Nice breakdown, Nothing to see here!
ORGANIZATIONAL STRUCTURE: WOTC/HASBRO
Given the product, there isn't really much room for innovation, barring some kind of tech breakthrough.
So many other systems over the years have come up with clean, consistent mechanics that I'll categorize this as getting D&D up to speed.
HERO and GURPS were among the first to do so, back in the early '80's. White Wolf was close, but there were significant gaps moving across the various games...try playing a WW game with a Vampire, a Mage, a Werewolf and a Mummy, and you'll see what I mean.
MARKETING: This is where I have a little more experience. WOTC did make some substantial attempts to broaden it's marketing appeal, particulary by tying it's core game into the Star Wars franchise. It also tried to broaden it's appeal within computer gamer/fantasy fan culture through tie-ins with Robert Jordan's books,
TSR & GURPS were, AFAIK, among the first game companies to tie into established fiction lines...Conan, Lankhmar, Cthulhu. In TSR's current guise as WOTC, the company continues this practice. Its pretty old tactic, but effective.
Actually, there is another strategy at work that you've missed. For years, DC Comics and Marvel Comics trimmed down their competition by flooding the market with new products on a yearly basis...Pepsi and Coke do the same thing.
Simply put, deliver new (if not innovative) product on a schedule and on time. If you're spending your money on WOTC products, you're not buying someone else's.
My
perception is, but for actual campaign settings, WOTC has released a product for every gap that another publisher has percieved. So, for every
Book of the Righteous (Green Ronin), there is WOTC's
Book of Exalted Deeds; for every
Seafarer's Handbook (Fantasy Flight Games), there is a WOTC's
Stormwrack. Even FFE's
Book of All Spells now has a WOTC counterpart in the
Spell Compendium.
CREATIVE CONTENT: Innovation in creative content is like wheels on a car -- it's expected as opposed to prefered. Even so D&D has played it's creative content very conservatively to a very narrow interpretation of the wider game experience. Very conservative indeed.
Ok...they've supported their established campaign settings of Faerun and Dragonlance, and recast another as Rokugan. They've published Kalamar and Eberron, at least one of which could be considered innovative.

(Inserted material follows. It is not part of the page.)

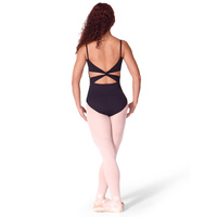 Stand out from the rest in the Camisole Leotard with Twist Back. This leotard stretches and twists like a dream. It features a self-fabric shelf bra for added support during every movement and a scoop front neckline and twist-back detail that will make you feel like a superstar on stage. The front empire seam adds a touch of glamour, while the moderate leg line keeps everything in place during your performance.

Greyhawk has dropped off the radar, as have Athas and Spelljammer. Each, in its turn, was innovative. Greyhawk was supplanted by Faerun as the default setting. It happens. But nothing has truly arisen to fill the shoes of the latter 2.
Ravenloft went to another publisher.
Maztica and others have also dissapeared. While I enjoyed the quasi-historical settings, they were really creative place-holders, innovative ONLY in the sense of covering settings that were very underrepresented in RPGs.
So, IMHO, WOTC's not been all that innovative- but they have displayed business acumen that is unusual in the field and being
just creative enough to keep the core audience happy.
One thing you have to remember about innovation is this...WOTC
absolutely has to be concerned about game balance- no 3rd party publisher has the same concern. Its much easier to pump out innovative product if you don't care that your race isn't really +0LA but +2, or that one of your core classes is overpowered vis a vis the PHB classes.
(Note, I'm not saying that WOTC's been 100% successful on maintaining game balance with each release, but they're doing better than most 3rd party publishers, IMHO.)
And Crothian's right...OGL was ground breaking.